Department of Psychology, University of Jyväskylä, P.O. Box 35, 40014, Jyvaskyla, Finland.
Niilo Mäki Institute, P.O. Box 35, 40014, Jyvaskyla, Finland.
Eur Child Adolesc Psychiatry. 2020 Sep;29(9):1237-1249. doi: 10.1007/s00787-019-01437-y. Epub 2019 Nov 11.
The aim of the present study was to investigate associations between internalizing and externalizing symptoms and deficits in executive functions (EF) as well as to examine the overall heterogeneity of EFs in a sample of preschool children attending a psychiatric clinic (n = 171). First, based on cut-off points signifying clinical levels of impairment on the parent-completed Child Behavior Checklist (CBCL), children were assigned into groups of internalizing, externalizing, combined or mild symptoms and compared to a reference group (n = 667) with regard to day care teacher ratings of EFs on the Attention and Executive Function Rating Inventory-Preschool (ATTEX-P). Second, latent profile analysis (LPA) was employed to identify distinct subgroups of children representing different EF profiles with unique strengths and weaknesses in EFs. The first set of analyses indicated that all symptom groups had more difficulties in EFs than the reference group did, and the internalizing group had less inhibition-related problems than the other symptom groups did. Using LPA, five EF profiles were identified: average, weak average, attentional problems, inhibitory problems, and overall problems. The EF profiles were significantly associated with gender, maternal education level, and psychiatric symptom type. Overall, the findings suggest that the comparison of means of internalizing and externalizing groups mainly captures the fairly obvious differences in inhibition-related domains among young psychiatric outpatient children, whereas the person-oriented approach, based on individual differences, identifies heterogeneity related to attentional functions, planning, and initiating one's action. The variability in EF difficulties suggests that a comprehensive evaluation of a child's EF profile is important regardless of the type of psychiatric symptoms the child presents with.
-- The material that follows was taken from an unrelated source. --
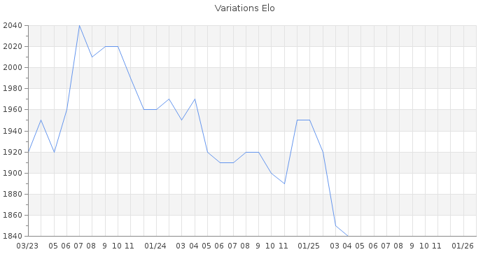 Date d'inscription : 22/08/12. Donateur pour EchecsEmail : Non ( Cliquez ici pour soutenir EchecsEmail. ) Elo non arrondi:1816.2 ( 223 sur 463 joueurs ) Nombre de victoires :1736 Nombre de nulles :559 Nombre de défaites :1841 Temps de réponse moyen par coup : 0J 10H 30M 37S ( Moyenne sur 9 coups ). Rd ( Un petit rd indique un elo fiable ) : 63 Magic Elo:1291.14 Magic Rd : 102 Elo maximum atteint ( en étant classé ) :2090 Elo maximum atteint cette année :0 Nombre coups joués : 179414 Inscrit dans l' équipe:les fous de bassans Classement coupe : 109 Points coupe : 50.89 Classement Coupe Magic Chess : Inactif Points Coupe Magic Chess : 0 Tournoi échelle : Inactif. Tournois gagnés : 28/01/2021 : Cat 4 : Victoire dans le tournoi n°22095 06/08/2019 : Cat 3 : Victoire CC Juil19 Asc 25/11/2018 : Cat 3 : Victoire CC Nov18 Asc 07/07/2018 : Cat 4 : Victoire dans le tournoi n°18315 03/09/2015 : Cat 0 : Premier au tournoi multi Eté 2015 n°12 25/09/2014 : Cat 4 : Victoire dans le tournoi n°16100 29/12/2013 : Cat 4 : Victoire dans le tournoi n°13592 04/12/2013 : Cat 4 : Victoire dans le tournoi n°13605 08/11/2013 : Cat 4 : Victoire dans le tournoi n°12984 23/10/2013 : Cat 4 : Victoire dans le tournoi n°12874 22/09/2013 : Cat 4 : Victoire dans le tournoi n°13411 26/06/2013 : Cat 4 : Victoire dans le tournoi n°12825 19/12/2012 : Cat 4 : Victoire dans le tournoi n°11392 Nombre de tournois gagnés :13

本研究旨在探究内化和外化症状与执行功能(EF)缺陷之间的关系,并检查在参加精神病诊所的学龄前儿童样本中 EF 的整体异质性(n=171)。首先,基于表示父母完成的儿童行为检查表(CBCL)上临床损伤水平的截止点,将儿童分为内化、外化、合并或轻度症状组,并与参考组(n=667)进行比较,比较标准是日托教师在注意力和执行功能评定量表-学龄前(ATTEX-P)上对 EF 的评定。其次,采用潜在剖面分析(LPA)来识别具有独特 EF 优势和劣势的不同 EF 模式的不同儿童亚组。第一组分析表明,所有症状组的 EF 都比参考组困难,内化组的抑制相关问题比其他症状组少。使用 LPA,确定了五个 EF 模式:平均、较弱平均、注意力问题、抑制问题和整体问题。EF 模式与性别、母亲教育水平和精神症状类型显著相关。总体而言,研究结果表明,内化和外化组之间的均值比较主要捕捉了年轻精神科门诊儿童在抑制相关领域的相当明显的差异,而基于个体差异的面向个体的方法则确定了与注意力功能、计划和启动自己的行动相关的异质性。EF 困难的可变性表明,无论儿童表现出何种类型的精神症状,对儿童 EF 模式的全面评估都很重要。